*What you have to do:* Word for word, repeat the data that follows. Do not include the pictures.

*Provided data:*
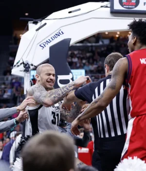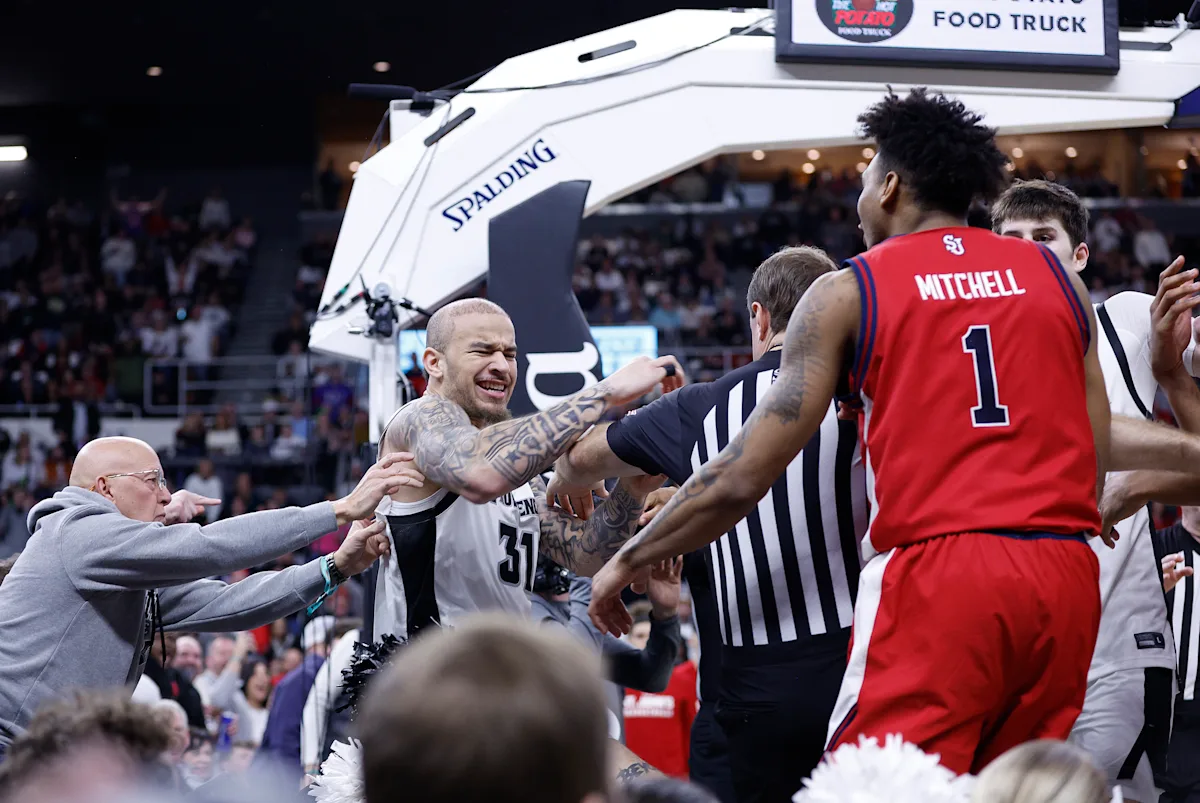 Powell sofreu uma segunda falta flagrante depois de perfurar Bryce Hopkins por trás, enquanto Hopkins tentava fazer uma bandeja no início do segundo tempo no Amica Mutual Pavilion, no sábado. Isso gerou uma grande briga que resultou em seis das sete expulsões do jogo. A certa altura, Powell até tentou dar um golpe no atacante do St. John’s, Dillion Mitchell, embora Mitchell tenha caído bem a tempo.
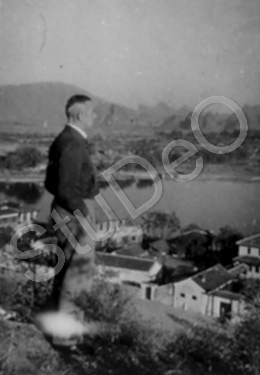 Beschreibung: Prof. Günther Huwer guckt von einem Hügel aus auf den Lijiang Fluß? Häuser europäischen Stils, Kweilin = Guilin.
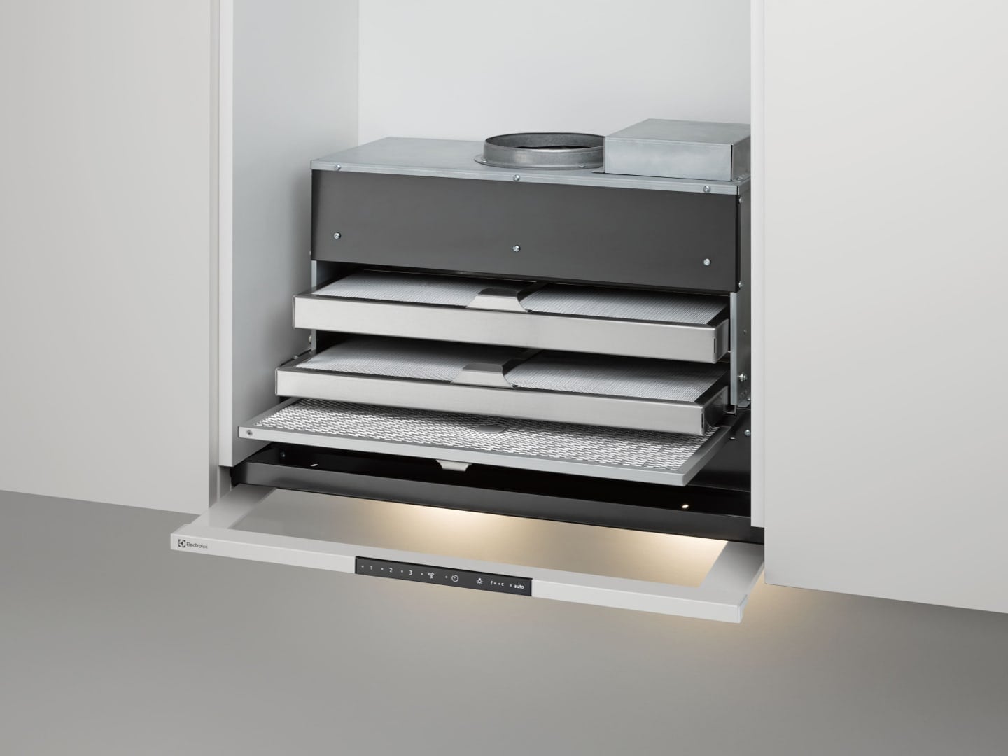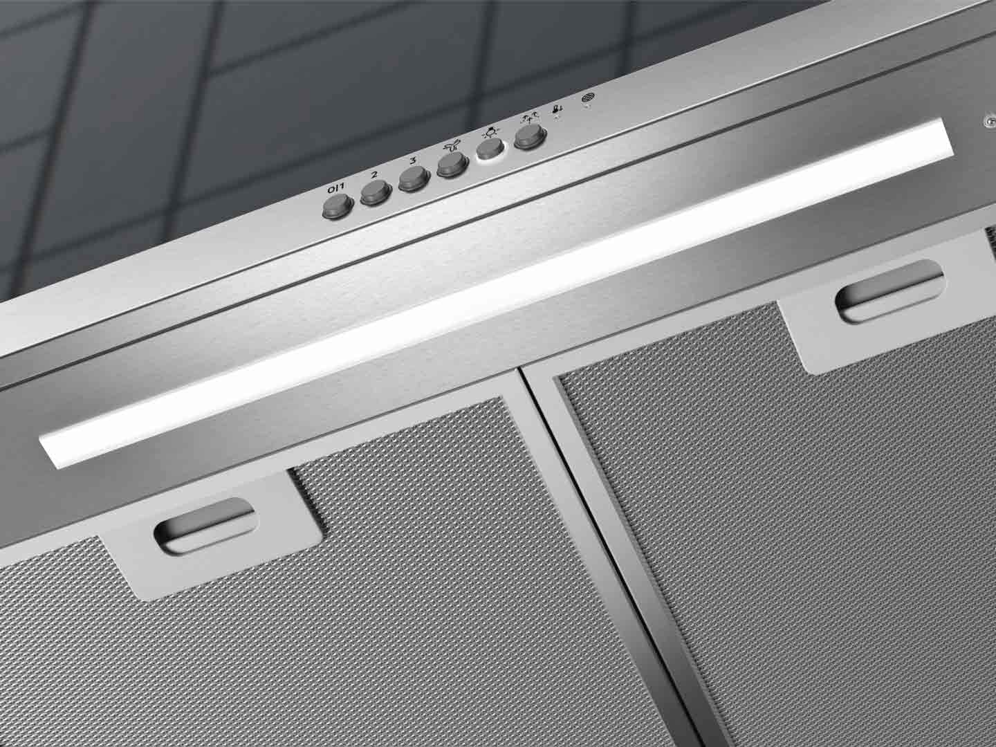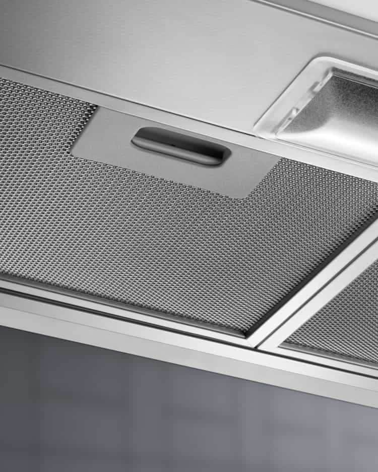 Tutte le cappe da cucina sono dotate di filtri anti-grasso. Questi filtri sono ideati per catturare le particelle di grasso contenute nel vapore, quando l’aria passa attraverso il filtro. Se nuovi o comunque puliti correttamente, tutti i filtri anti-grasso sono non infiammabili oppure ignifughi e autoestinguenti. In base alla tipologia, i filtri anti-grasso devono pertanto essere periodicamente sostituiti (filtri usa e getta) o puliti (filtri riutilizzabili). Così facendo, si evita la formazione di depositi di grasso indesiderati e antigienici, oltre a ridurre al minimo il rischio di incendio. Quanto più spesso è il filtro, tanto maggiore sarà la resistenza dell’aria e minore l’effetto di aspirazione. Si riducono, così, le prestazioni di ventilazione e, in genere, aumenta la rumorosità della cappa. Le cappe con una forza di aspirazione elevata hanno bisogno di filtri di un certo spessore, affinché il grasso non venga aspirato attraverso il filtro.

*Answer space:*
 Powell sofreu uma segunda falta flagrante depois de perfurar Bryce Hopkins por trás, enquanto Hopkins tentava fazer uma bandeja no início do segundo tempo no Amica Mutual Pavilion, no sábado. Isso gerou uma grande briga que resultou em seis das sete expulsões do jogo. A certa altura, Powell até tentou dar um golpe no atacante do St. John’s, Dillion Mitchell, embora Mitchell tenha caído bem a tempo.
 Beschreibung: Prof. Günther Huwer guckt von einem Hügel aus auf den Lijiang Fluß? Häuser europäischen Stils, Kweilin = Guilin.
 Tutte le cappe da cucina sono dotate di filtri anti-grasso. Questi filtri sono ideati per catturare le particelle di grasso contenute nel vapore, quando l’aria passa attraverso il filtro. Se nuovi o comunque puliti correttamente, tutti i filtri anti-grasso sono non infiammabili oppure ignifughi e autoestinguenti. In base alla tipologia, i filtri anti-grasso devono pertanto essere periodicamente sostituiti (filtri usa e getta) o puliti (filtri riutilizzabili). Così facendo, si evita la formazione di depositi di grasso indesiderati e antigienici, oltre a ridurre al minimo il rischio di incendio. Quanto più spesso è il filtro, tanto maggiore sarà la resistenza dell’aria e minore l’effetto di aspirazione. Si riducono, così, le prestazioni di ventilazione e, in genere, aumenta la rumorosità della cappa. Le cappe con una forza di aspirazione elevata hanno bisogno di filtri di un certo spessore, affinché il grasso non venga aspirato attraverso il filtro.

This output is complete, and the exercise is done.